• _Your goal_: The records should be repeated word for word, pictures excluded.

Collection entries:
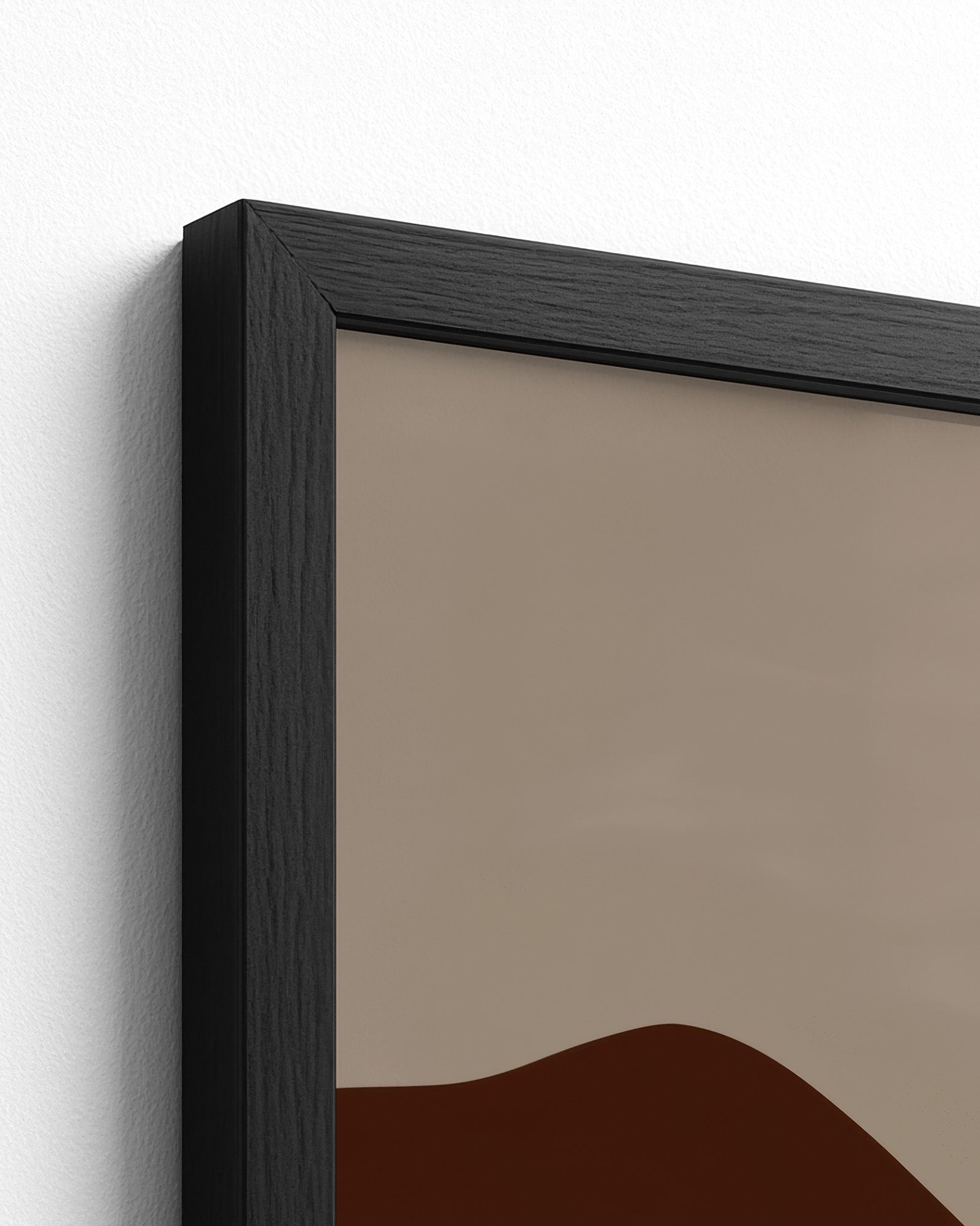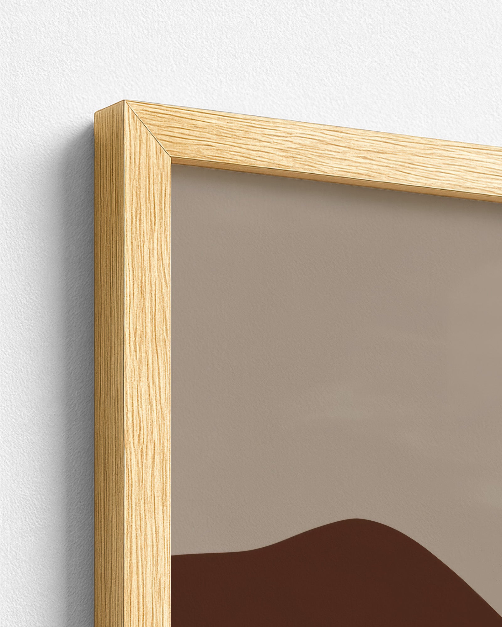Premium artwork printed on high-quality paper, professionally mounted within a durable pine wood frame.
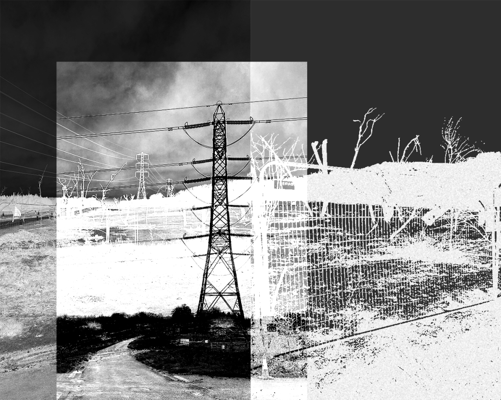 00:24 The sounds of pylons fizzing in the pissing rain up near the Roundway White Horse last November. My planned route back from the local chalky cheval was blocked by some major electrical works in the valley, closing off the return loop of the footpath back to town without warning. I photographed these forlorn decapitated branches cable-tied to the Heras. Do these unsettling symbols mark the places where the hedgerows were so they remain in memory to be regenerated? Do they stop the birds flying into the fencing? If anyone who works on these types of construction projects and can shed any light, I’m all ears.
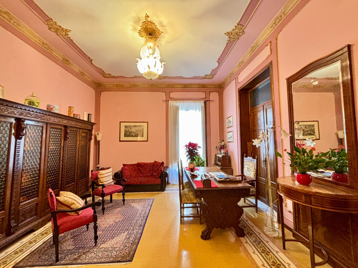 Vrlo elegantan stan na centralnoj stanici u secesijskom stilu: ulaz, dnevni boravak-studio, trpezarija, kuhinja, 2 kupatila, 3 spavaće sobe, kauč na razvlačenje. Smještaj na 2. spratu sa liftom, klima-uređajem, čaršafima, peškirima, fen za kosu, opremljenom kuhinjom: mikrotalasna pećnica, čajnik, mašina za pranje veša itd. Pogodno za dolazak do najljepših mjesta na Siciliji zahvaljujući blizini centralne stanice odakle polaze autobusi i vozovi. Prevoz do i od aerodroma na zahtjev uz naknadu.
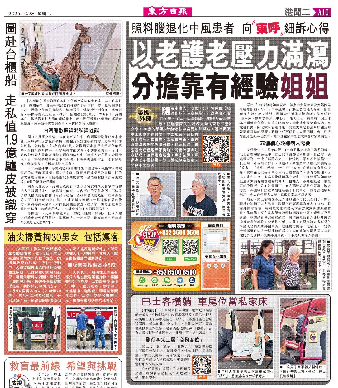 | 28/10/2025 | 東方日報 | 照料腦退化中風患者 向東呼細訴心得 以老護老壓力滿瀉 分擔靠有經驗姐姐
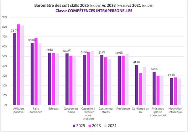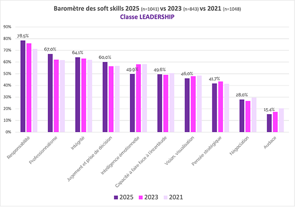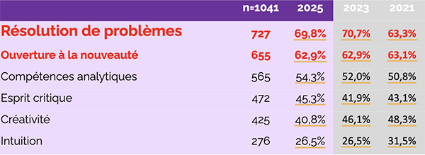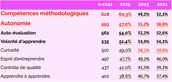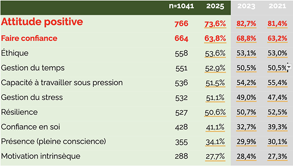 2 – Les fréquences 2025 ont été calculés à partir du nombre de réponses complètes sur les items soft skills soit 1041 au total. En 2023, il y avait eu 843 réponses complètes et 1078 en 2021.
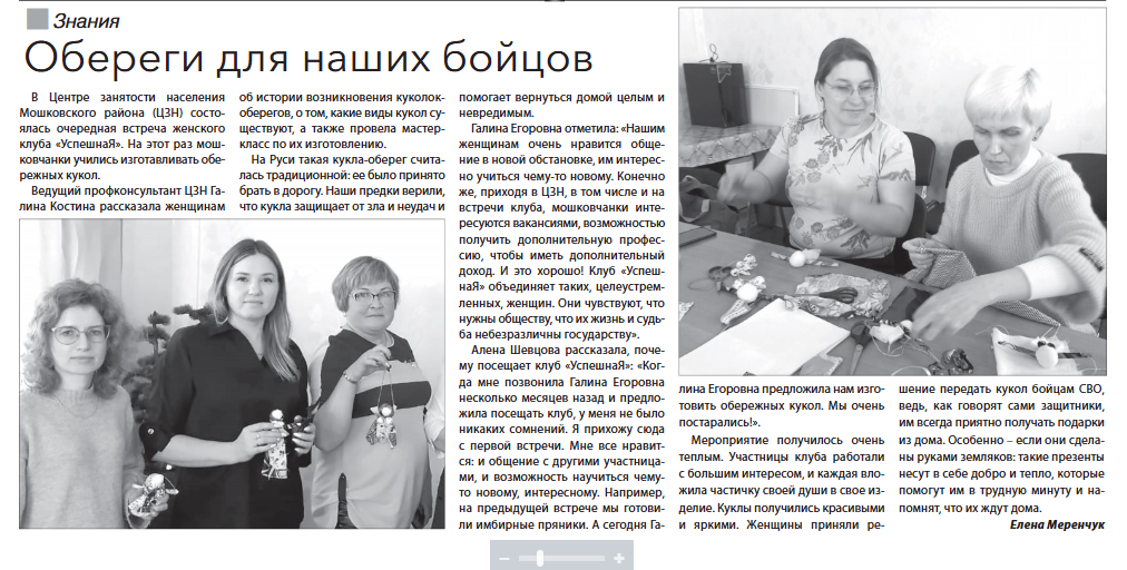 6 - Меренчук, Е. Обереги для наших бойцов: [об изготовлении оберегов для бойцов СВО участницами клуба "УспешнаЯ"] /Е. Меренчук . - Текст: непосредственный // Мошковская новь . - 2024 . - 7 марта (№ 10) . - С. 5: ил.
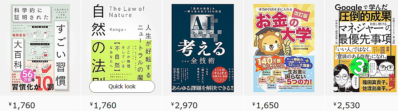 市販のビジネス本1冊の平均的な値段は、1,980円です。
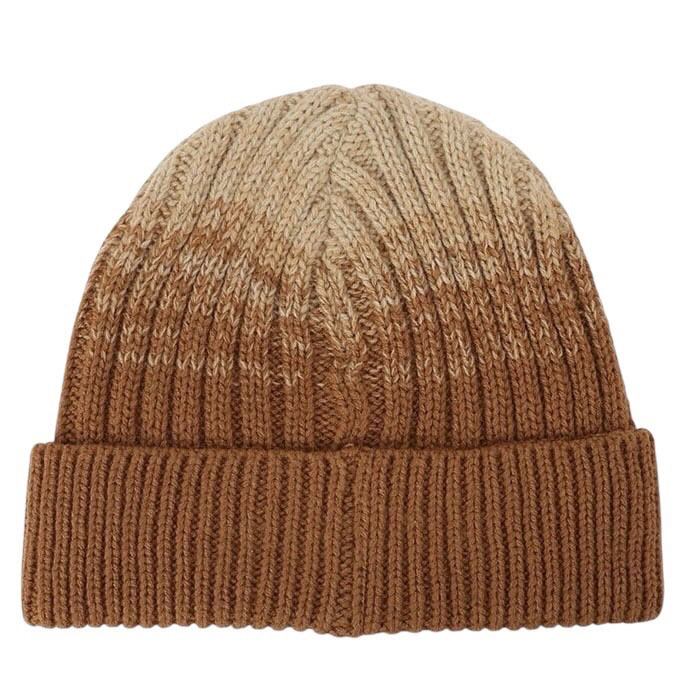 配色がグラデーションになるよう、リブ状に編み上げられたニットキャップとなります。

• _Result of the exercise_:
Premium artwork printed on high-quality paper, professionally mounted within a durable pine wood frame.
 00:24 The sounds of pylons fizzing in the pissing rain up near the Roundway White Horse last November. My planned route back from the local chalky cheval was blocked by some major electrical works in the valley, closing off the return loop of the footpath back to town without warning. I photographed these forlorn decapitated branches cable-tied to the Heras. Do these unsettling symbols mark the places where the hedgerows were so they remain in memory to be regenerated? Do they stop the birds flying into the fencing? If anyone who works on these types of construction projects and can shed any light, I’m all ears.
 Vrlo elegantan stan na centralnoj stanici u secesijskom stilu: ulaz, dnevni boravak-studio, trpezarija, kuhinja, 2 kupatila, 3 spavaće sobe, kauč na razvlačenje. Smještaj na 2. spratu sa liftom, klima-uređajem, čaršafima, peškirima, fen za kosu, opremljenom kuhinjom: mikrotalasna pećnica, čajnik, mašina za pranje veša itd. Pogodno za dolazak do najljepših mjesta na Siciliji zahvaljujući blizini centralne stanice odakle polaze autobusi i vozovi. Prevoz do i od aerodroma na zahtjev uz naknadu.
 | 28/10/2025 | 東方日報 | 照料腦退化中風患者 向東呼細訴心得 以老護老壓力滿瀉 分擔靠有經驗姐姐
 2 – Les fréquences 2025 ont été calculés à partir du nombre de réponses complètes sur les items soft skills soit 1041 au total. En 2023, il y avait eu 843 réponses complètes et 1078 en 2021.
 6 - Меренчук, Е. Обереги для наших бойцов: [об изготовлении оберегов для бойцов СВО участницами клуба "УспешнаЯ"] /Е. Меренчук . - Текст: непосредственный // Мошковская новь . - 2024 . - 7 марта (№ 10) . - С. 5: ил.
 市販のビジネス本1冊の平均的な値段は、1,980円です。
 配色がグラデーションになるよう、リブ状に編み上げられたニットキャップとなります。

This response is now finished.